Create file template-instance.yaml
:
apiVersion: config.kiosk.sh/v1alpha1
kind: TemplateInstance
metadata:
name: network-isolation-instance
namespace: some-namespace
spec:
sync: true
template: network-isolation
Create TemplateInstance using kubectl
:
kubectl apply -f template-instance.yaml
Delete Instances
Deleting template instances is only possible via kubectl
:
# IMPORTANT: Make sure to switch to the context of the connected cluster!
kubectl delete templateinstance -n [NAMESPACE] [TEMPLATE_INSTANCE_NAME]
Security Template Parameters
Template parameters are a way to allow template instances to change certain parts of a template. Currently, they can only be configured in the Loft UI via the Show Yaml
button or via kubectl
directly. Furthermore, there are several predefined parameters that can be used within a template, to change the deployed resources based on which namespace they got deployed in.

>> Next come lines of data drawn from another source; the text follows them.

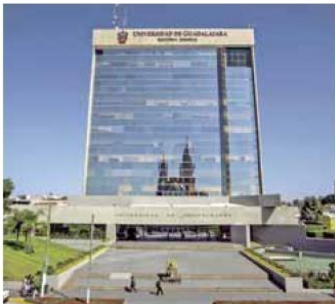
Polémica. La asignación del dinero generó controversia en distintos ámbitos de la entidad.

Fallo. Ministros de la SCJN desecharon la controversia de la CEDHJ para frenar la reasignación del dinero; era el último recurso legal que le quedaba a la casa de estudios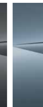
Lucid Blue (U3P)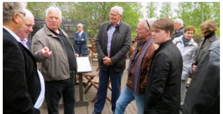
Klúbbfélagar á góðum vordegi.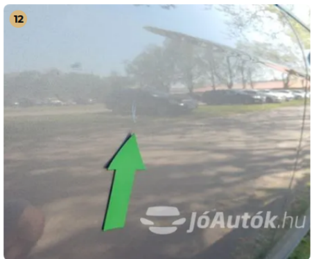
! Karc a hátsó lökhárító alján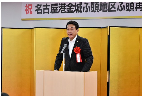
【来賓挨拶】 藤川参議院議員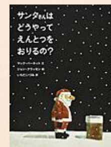
『サンタはどうやって えんとつをおりるの?』 マック・バーネット/文 ジョン・クラッセン/絵 いちだ いづみ/訳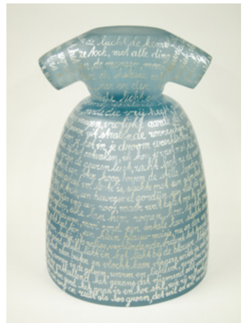
'KLEIN BLAUW MEISJE' 56 X 40 X 40 CM, GIETHARS, 2011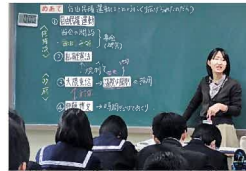
毎時間、生徒の発言が楽しみです！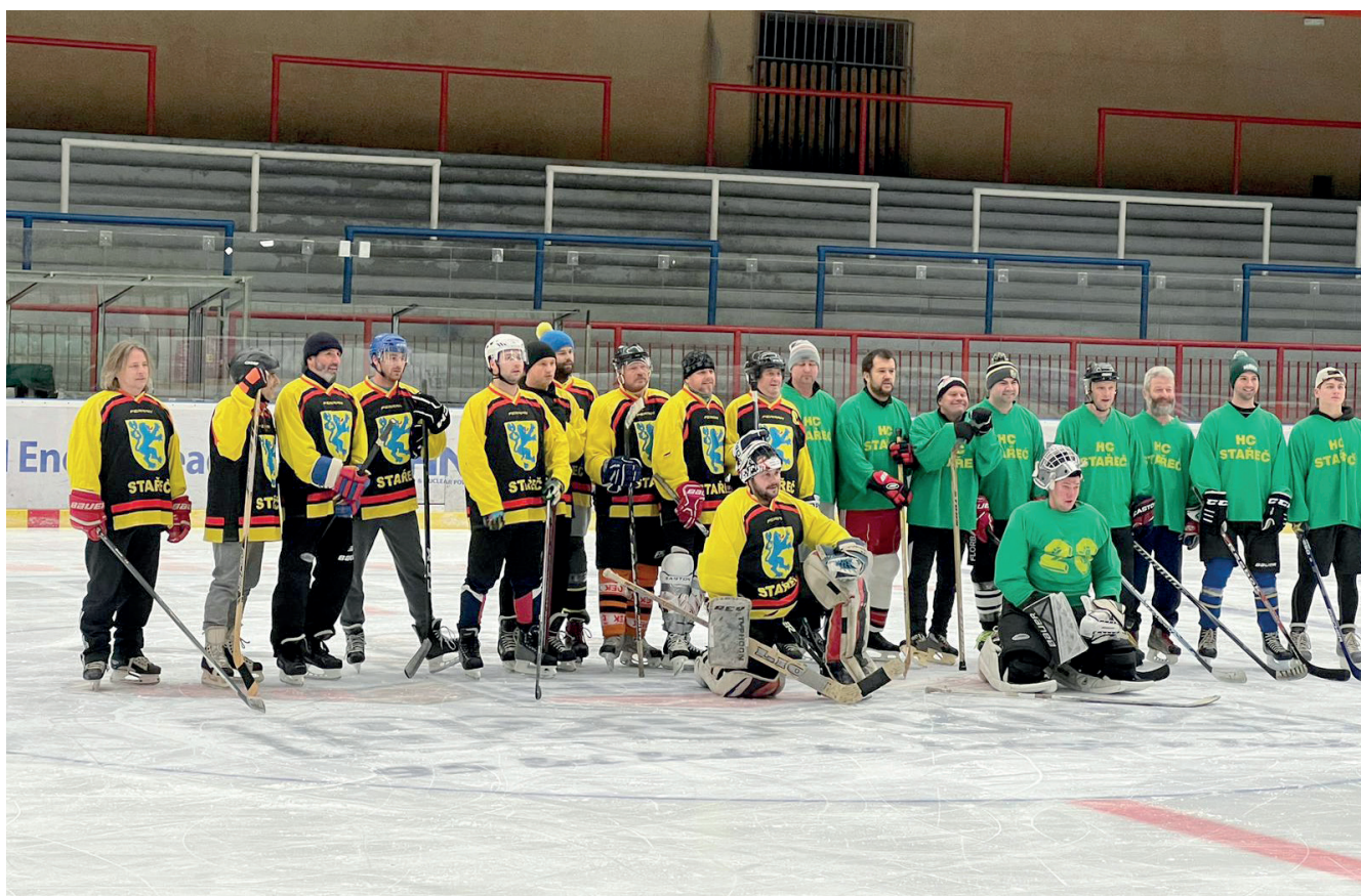
Amatérský hokejový zápas na ZS v Třebíči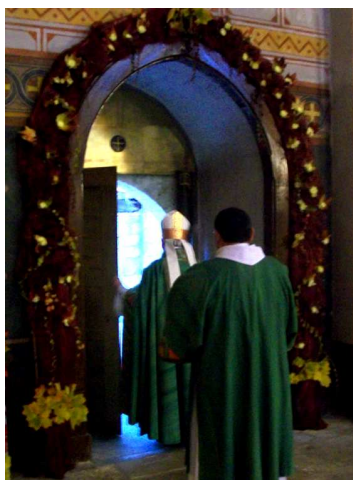
Fermeture Porte Sainte de la cathédrale d'Agen

Le Jubilé extraordinaire de la miséricorde, s'est conclu, le dimanche du Christ Roi de l'Univers, ce 20 novembre avec la fermeture de la Porte Sainte de la basilique Saint-Pierre. Deux documents programmatiques nous en donnent le sens : la Bulle d'Indiction de l'Année Sainte, Misericordiae vultus , et la Lettre apostolique Misericordia et misera , du pape François.

Parameters can be defined in the parameters
section of a template:
apiVersion: config.kiosk.sh/v1alpha1
kind: Template
metadata:
name: space-restrictions
# This section defines parameters that can be used for this template
# Can be used in resources.manifests and resources.helm.values
parameters:
# Name of the parameter
- name: DEFAULT_CPU_LIMIT
# The default value of the parameter
value: "1"
- name: DEFAULT_CPU_REQUESTS
value: "0.5"
# If a parameter is required the template instance will need to set it
# required: true
# Make sure only values are entered for this parameter
validation: "^[0-9]*\\.?[0-9]+$"
resources:
manifests:
- apiVersion: v1
kind: LimitRange
metadata:
name: space-limit-range
annotations:
# Parameters can also be used inside a string
# with ${namespace.metadata.annotations.myAnnotation}
example-parameter: "Hello from ${namespace} - ${WILL_NOT_BE_REPLACED}"
spec:
limits:
- default:
# Use the DEFAULT_CPU_LIMIT parameter here and
# parse it as json, which renders the "1" as 1.
cpu: "${{DEFAULT_CPU_LIMIT}}"
defaultRequest:
cpu: "${{DEFAULT_CPU_REQUESTS}}"
type: Container
The available predefined parameters that can be used without specifying them in the parameters
section are:
${namespace}
: Kubernetes name of the namespace / space the template got deployed in${account}
: Kubernetes name of the account that owns the namespace where the template got deployed in. Fails if the namespace is not owned by an account${namespace.metadata.annotations.MYANNOTATION}
: Value of the annotation on a namespace. If the annotation does not exist, instantiation of the template will fail.${namespace.metadata.labels.MYLABEL}
: Value of the label on a namespace. If the label does not exist, instantiation of the template will fail.${account.metadata.annotations.MYANNOTATION}
: Value of the annotation on the account that owns the namespace. If the annotation does not exist, instantiation of the template will fail.${account.metadata.labels.MYLABEL}
: Value of the label on the account that owns the namespace. If the label does not exist, instantiation of the template will fail.
Sync Security Template <> Instance
Template instances keep track of the Helm charts and manifests they are creating. When the underlying template changes, the instance will automatically update the Helm chart or the modified manifests to keep everything in sync with the template.